## Exercise data
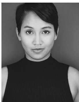
YZ JASA , ensemble, Alexi Darling, and Joanne understudy
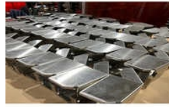
Customized Sheet Metal Fabrication
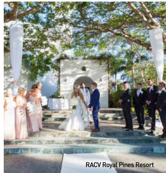
RACV Royal Pines Resort
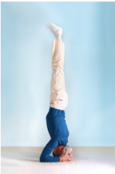
The headstand shows a graceful vertical line

## Task brief
Repeat the data exactly as written, but without the pictures.

## Problem solution
YZ JASA , ensemble, Alexi Darling, and Joanne understudy
Customized Sheet Metal Fabrication
RACV Royal Pines Resort
The headstand shows a graceful vertical line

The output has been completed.